Александр Твардовский хорошо знал белорусский язык. И потому белорусская поэзия была для него полностью открытой. Он глубоко уважал наших старейшин и высоко ценил их творчество. Правда, сам переводил мало. Но иногда обращался к тому, что было для нас неожиданным. Вдруг появились в его переводе стихи сравнительно малоизвестного белорусского поэта Миколы Засима. И мы увидели, что проглядели их. А стихи по-настоящему народные, остроумные, с цепкой поэтической хваткой. И юмор в них острый, густой, партизанский…

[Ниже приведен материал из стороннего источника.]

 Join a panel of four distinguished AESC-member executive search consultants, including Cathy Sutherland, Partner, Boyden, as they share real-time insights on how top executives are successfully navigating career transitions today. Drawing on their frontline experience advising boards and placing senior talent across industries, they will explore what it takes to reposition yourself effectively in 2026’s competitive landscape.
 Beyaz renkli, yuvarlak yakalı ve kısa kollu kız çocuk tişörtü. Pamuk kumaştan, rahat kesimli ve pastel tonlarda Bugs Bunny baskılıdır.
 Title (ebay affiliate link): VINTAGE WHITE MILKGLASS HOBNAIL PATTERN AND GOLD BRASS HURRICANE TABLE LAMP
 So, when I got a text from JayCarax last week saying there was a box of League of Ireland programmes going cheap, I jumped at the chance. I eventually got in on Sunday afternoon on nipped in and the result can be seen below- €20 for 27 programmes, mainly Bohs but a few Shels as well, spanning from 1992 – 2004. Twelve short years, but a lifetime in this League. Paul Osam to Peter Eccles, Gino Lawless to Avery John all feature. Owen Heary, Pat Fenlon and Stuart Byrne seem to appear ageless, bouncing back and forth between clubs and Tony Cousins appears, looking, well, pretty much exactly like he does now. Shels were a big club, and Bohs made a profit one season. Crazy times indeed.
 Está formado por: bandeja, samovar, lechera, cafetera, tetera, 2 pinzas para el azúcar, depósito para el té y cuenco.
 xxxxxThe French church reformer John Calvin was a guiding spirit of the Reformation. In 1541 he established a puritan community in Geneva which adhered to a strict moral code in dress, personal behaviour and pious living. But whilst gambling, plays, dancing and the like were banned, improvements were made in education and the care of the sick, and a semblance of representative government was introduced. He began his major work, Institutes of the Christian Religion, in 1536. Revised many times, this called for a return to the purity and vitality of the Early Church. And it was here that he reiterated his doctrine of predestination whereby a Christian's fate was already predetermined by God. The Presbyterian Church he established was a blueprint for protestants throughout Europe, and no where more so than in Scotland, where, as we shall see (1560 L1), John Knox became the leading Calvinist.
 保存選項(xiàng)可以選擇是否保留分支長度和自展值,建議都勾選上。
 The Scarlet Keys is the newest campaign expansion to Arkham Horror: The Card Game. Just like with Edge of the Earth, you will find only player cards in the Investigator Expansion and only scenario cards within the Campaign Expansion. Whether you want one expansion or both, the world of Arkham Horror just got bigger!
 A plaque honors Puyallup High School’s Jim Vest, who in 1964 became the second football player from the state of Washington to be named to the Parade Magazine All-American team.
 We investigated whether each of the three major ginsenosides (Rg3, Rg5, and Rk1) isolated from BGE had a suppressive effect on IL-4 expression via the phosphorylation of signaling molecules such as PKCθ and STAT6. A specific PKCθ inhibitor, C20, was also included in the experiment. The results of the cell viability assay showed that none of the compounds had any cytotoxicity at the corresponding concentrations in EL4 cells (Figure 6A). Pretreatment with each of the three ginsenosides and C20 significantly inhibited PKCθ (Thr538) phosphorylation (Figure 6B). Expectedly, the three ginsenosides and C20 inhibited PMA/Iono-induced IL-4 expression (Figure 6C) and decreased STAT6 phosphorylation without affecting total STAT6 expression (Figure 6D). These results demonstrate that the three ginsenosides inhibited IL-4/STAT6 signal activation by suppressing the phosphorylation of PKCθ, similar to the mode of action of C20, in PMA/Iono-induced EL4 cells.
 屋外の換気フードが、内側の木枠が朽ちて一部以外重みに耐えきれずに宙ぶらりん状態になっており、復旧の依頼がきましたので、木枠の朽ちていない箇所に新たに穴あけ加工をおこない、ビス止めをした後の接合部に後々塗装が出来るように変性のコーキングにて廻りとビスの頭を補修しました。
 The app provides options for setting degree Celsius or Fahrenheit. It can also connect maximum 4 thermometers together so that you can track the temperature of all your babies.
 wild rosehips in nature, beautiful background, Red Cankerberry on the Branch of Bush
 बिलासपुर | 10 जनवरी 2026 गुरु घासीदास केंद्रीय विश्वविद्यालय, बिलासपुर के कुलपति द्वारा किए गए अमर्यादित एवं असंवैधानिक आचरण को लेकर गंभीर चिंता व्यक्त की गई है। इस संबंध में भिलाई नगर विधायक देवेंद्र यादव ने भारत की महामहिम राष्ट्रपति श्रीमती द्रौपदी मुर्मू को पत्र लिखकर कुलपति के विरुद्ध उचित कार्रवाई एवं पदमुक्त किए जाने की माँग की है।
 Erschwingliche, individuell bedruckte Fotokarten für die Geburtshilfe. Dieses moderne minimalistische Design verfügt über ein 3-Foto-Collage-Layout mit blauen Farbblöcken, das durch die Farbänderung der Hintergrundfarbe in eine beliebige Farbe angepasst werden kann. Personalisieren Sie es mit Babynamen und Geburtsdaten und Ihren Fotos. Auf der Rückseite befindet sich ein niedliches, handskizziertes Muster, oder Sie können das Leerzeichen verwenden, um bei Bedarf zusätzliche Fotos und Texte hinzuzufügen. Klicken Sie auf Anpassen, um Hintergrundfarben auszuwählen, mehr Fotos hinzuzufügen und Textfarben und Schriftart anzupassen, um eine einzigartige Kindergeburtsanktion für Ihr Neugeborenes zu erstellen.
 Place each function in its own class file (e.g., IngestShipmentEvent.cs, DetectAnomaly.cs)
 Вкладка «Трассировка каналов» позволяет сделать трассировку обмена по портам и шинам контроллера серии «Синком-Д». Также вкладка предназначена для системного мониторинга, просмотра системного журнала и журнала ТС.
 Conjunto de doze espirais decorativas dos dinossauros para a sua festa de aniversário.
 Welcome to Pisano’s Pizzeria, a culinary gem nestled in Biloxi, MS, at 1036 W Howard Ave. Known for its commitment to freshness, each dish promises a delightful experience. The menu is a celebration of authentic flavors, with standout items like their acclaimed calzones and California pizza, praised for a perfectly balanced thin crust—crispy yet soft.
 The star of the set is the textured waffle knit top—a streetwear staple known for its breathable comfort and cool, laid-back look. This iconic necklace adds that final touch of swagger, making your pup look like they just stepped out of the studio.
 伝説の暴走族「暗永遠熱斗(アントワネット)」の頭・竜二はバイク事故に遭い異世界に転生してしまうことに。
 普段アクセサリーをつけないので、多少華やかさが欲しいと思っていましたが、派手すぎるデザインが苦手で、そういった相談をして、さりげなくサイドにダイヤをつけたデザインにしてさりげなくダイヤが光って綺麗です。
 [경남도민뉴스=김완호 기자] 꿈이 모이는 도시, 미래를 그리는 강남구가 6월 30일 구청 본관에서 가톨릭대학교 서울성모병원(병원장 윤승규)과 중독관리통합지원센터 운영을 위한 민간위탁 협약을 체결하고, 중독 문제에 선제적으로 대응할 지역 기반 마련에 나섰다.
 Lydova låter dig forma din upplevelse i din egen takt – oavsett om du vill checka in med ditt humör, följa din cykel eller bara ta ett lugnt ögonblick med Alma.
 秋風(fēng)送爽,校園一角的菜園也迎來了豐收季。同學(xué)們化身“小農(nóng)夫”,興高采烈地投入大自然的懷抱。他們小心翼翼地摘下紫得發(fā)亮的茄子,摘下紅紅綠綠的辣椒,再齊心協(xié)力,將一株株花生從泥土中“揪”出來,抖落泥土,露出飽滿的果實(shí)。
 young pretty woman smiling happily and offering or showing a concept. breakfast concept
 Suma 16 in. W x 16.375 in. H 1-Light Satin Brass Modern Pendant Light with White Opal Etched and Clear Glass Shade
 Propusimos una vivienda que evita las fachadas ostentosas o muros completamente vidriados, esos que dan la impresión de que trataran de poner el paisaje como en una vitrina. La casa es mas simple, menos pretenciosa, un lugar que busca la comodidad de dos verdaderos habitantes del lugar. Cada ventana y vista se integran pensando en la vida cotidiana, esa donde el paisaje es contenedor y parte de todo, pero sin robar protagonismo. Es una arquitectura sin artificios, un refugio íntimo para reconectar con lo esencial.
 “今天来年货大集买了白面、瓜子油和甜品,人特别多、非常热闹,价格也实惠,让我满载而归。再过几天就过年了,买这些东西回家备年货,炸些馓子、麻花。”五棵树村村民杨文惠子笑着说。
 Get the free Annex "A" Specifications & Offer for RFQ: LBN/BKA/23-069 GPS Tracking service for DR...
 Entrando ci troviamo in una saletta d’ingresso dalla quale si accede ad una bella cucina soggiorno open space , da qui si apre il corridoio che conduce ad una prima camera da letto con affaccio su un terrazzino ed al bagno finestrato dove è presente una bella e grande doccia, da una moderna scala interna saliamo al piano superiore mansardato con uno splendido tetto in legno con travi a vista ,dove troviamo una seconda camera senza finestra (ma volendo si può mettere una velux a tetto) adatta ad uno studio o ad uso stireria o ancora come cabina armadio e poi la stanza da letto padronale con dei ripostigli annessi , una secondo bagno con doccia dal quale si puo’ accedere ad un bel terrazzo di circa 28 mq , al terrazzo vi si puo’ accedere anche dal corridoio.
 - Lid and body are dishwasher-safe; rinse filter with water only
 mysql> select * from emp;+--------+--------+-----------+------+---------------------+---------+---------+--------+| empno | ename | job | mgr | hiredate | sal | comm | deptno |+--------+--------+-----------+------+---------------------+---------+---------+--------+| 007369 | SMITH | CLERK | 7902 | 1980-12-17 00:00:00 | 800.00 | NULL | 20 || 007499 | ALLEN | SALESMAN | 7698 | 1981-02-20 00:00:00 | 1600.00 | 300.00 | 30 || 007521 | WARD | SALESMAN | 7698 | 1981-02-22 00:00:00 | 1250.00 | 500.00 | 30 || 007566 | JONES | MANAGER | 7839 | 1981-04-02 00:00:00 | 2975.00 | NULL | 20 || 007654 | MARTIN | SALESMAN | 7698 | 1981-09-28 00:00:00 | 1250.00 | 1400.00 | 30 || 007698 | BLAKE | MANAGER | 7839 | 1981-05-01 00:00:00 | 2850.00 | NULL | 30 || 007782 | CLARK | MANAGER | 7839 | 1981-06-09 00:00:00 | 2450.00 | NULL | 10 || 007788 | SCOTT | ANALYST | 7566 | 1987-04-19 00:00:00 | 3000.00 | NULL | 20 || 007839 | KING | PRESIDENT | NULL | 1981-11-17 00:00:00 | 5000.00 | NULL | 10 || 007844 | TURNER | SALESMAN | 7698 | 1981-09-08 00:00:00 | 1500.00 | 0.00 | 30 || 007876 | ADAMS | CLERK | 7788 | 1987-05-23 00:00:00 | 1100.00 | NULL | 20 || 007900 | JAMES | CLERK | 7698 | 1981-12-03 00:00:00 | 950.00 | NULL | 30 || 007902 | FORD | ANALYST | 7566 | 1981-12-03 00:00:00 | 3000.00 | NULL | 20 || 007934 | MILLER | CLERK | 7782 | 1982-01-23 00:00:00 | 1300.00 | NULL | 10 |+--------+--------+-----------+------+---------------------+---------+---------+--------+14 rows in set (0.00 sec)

Александр Твардовский никогда не скрывал своего отношения к любому поэту. Помню одно из заседаний секретариата Правления СП СССР. Шел разговор о делах издательских. Кто-то предложил многотомное издание нашумевшего в те годы поэта, утверждая, что все написанное им надо обязательно издать. Вот, мол, и Есенина теперь, что им ни написано, издают полностью. Твардовский взорвался:

— Ну уж позвольте!.. Что Есенина — это правильно. Я никогда не учился у Есенина, но считаю, что вашему кандидату, которого вы осмеливаетесь ставить рядом с Сергеем Александровичем, куда как далеко до него…

И все согласились, что сравнение нового претендента с великим русским поэтом неуместно.

Много лет доводилось мне встречаться с Александром Трифоновичем на разных пленумах и съездах, а чаще всего вместе работать в секретариатах Правления Союза писателей СССР. Он выступал редко, но, как, говорится, метко, и к голосу его всегда прислушивались. Ну а что касается поэзии, здесь его мнение было неоспоримым. А когда он возглавлял «Новый мир», напечатать стихи в журнале считалось за честь. Если уж Твардовский пропустил — значит, неплохо. Да и у меня, и у моих близких друзей были такие случаи, что из посланного Твардовскому цикла вдруг не появлялись на страницах журнала то ли стих, то ли два. Возражать редактору было бесполезно. Он всегда убедительно доказывал свою правоту.

Бесконечно требовательный к себе, был он таким же и по отношению к другим. Сам не спешил печататься, но уж то, что выходило в свет, по своей завершенности было безупречно. Работал он постоянно. Помню, что во время отдыха и лечения в Барвихе, встречаясь со мной на прогулке, он всегда говорил о том, чем тогда жил. По его, хотя и отрывочным, рассказам можно было судить, как движется работа.